A FNV anunciou no início de março que se estava a preparar para tomar medidas contra estes planos. Na sexta-feira, o novo presidente da FNV, Hans Spekman, discursou numa manifestação contra o acordo de coligação na Museumplein, em Amsterdam. No seu primeiro dia no cargo, ele reiterou a exigência do sindicato de que as propostas fossem retiradas da proposta governamental. Ele afirmou que o fundo de greve do sindicato está bem abastecido e que a FNV pode sustentar a greve o “tempo suficiente para levar o governo a uma nova perspectiva”.
O sindicato anunciou que outros setores da FNV também entrarão em greve após as paralisações no transporte público.

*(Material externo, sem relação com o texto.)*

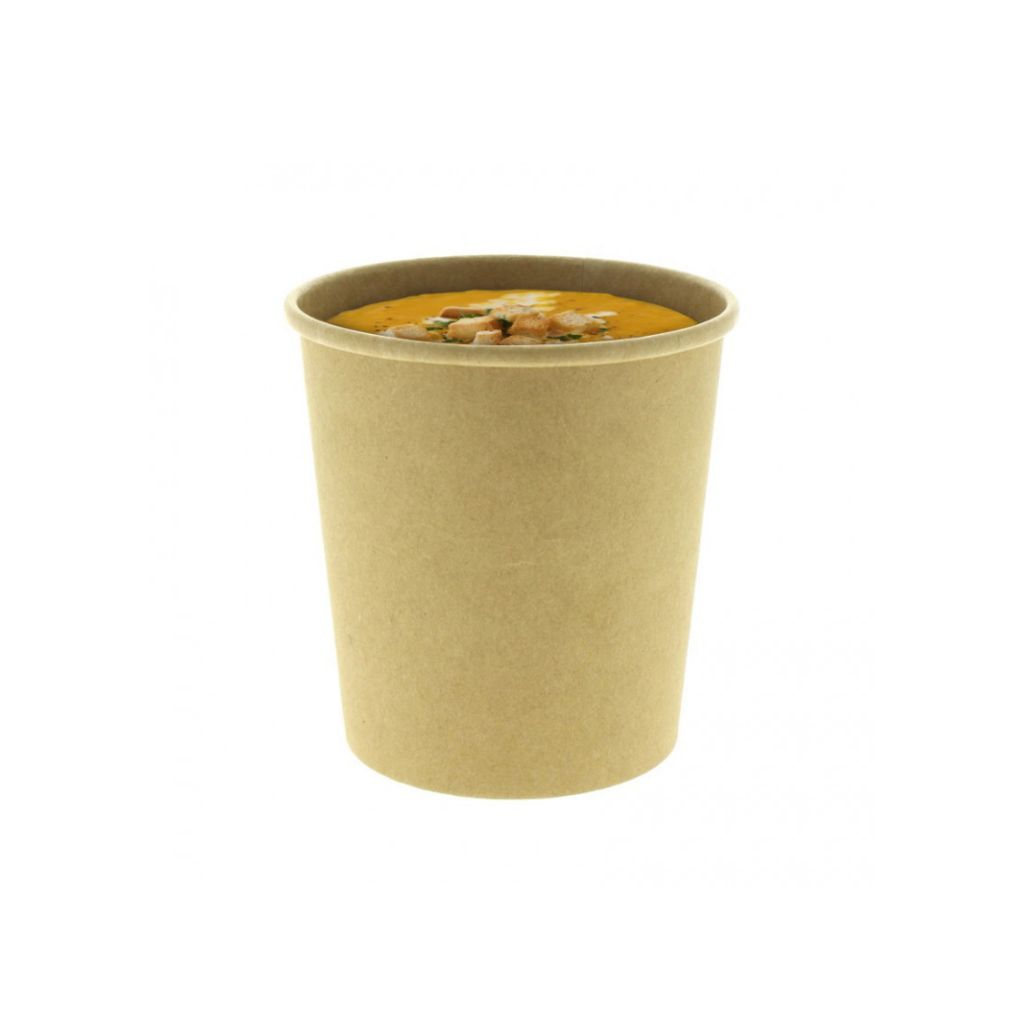 La sopera de cartón kraft es una solución práctica para negocios de hostelería, restauración y comida para llevar que necesitan un envase funcional para servir y transportar elaboraciones líquidas o semilíquidas. Su formato cilíndrico en cartón kraft natural ofrece una presentación limpia y profesional para servicios de take away y delivery.

Em abril, a FNV Spoor realizou uma pesquisa com os seus membros sobre os planos de segurança social do governo. Noventa e oito por cento disseram ter uma visão muito negativa dos planos e 85% afirmaram estar dispostos a tomar medidas, informou o sindicato.
Henri Janssen, membro do conselho da FNV Spoor, afirmou que as propostas forçariam o prolongamento da vida laboral, mesmo em profissões que exigem esforço físico, ao mesmo tempo que reduziriam os benefícios de desemprego e piorariam a proteção das pessoas com deficiência.
Ele acrescentou: “As pessoas que mantêm o transporte público em funcionamento todos os dias, em breve terão que trabalhar mais horas e recebem menos proteção em caso de imprevistos. Isso é desnecessário e injusto. Se o governo não recuar nessa decisão, mostraremos com ações onde está o limite.”
Caso o governo mantenha os planos após o Verão, a FNV não descarta uma escalada ainda maior nos serviços de transporte público. A data exata da greve ainda não foi anunciada.
A operadora ferroviária neerlandesa NS afirmou que não tinha comentários imediatos. "Precisamos primeiro entender exatamente o que a FNV está a planear, pois isso ainda não está claro", disse um porta-voz.
O 1º De Maio
Na sexta-feira, 1 de maio, Dia Internacional do Trabalhador, a FNV organizou uma grande marcha de protesto em Amsterdam, que atraiu cerca de 18.000 participantes, a maior participação no evento em anos, segundo os organizadores.
A manifestação começou a se reunir na Museumplein no início da tarde. O novo presidente da FNV, Hans Spekman, subiu ao palco pouco depois das 14h para a sua primeira aparição oficial no cargo. No seu discurso, Spekman rejeitou veementemente os cortes propostos no subsídio de desemprego (WW) e nas proteções para pessoas com deficiência devido a acidente de trabalho (WIA) previstos no acordo de coligação. "Vamos permitir que o WW e o WIA sejam desmantelados?", perguntou ele à multidão, que respondeu com um sonoro "Não!".
A marcha prosseguiu então como uma longa procissão pelo bairro de De Pijp até ao Martin Luther King Park, no sul de Amsterdam.
Entre os participantes estavam professores, jovens ativistas com bandeiras comunistas e palestinas, membros do Greenpeace, grupos comunistas turcos e anarquistas do Vrije Bond, que faziam campanha por rendas mais baixas e salários mais altos, informou o Het Parool. O evento terminou com um festival no parque, com comida de rua e música ao vivo.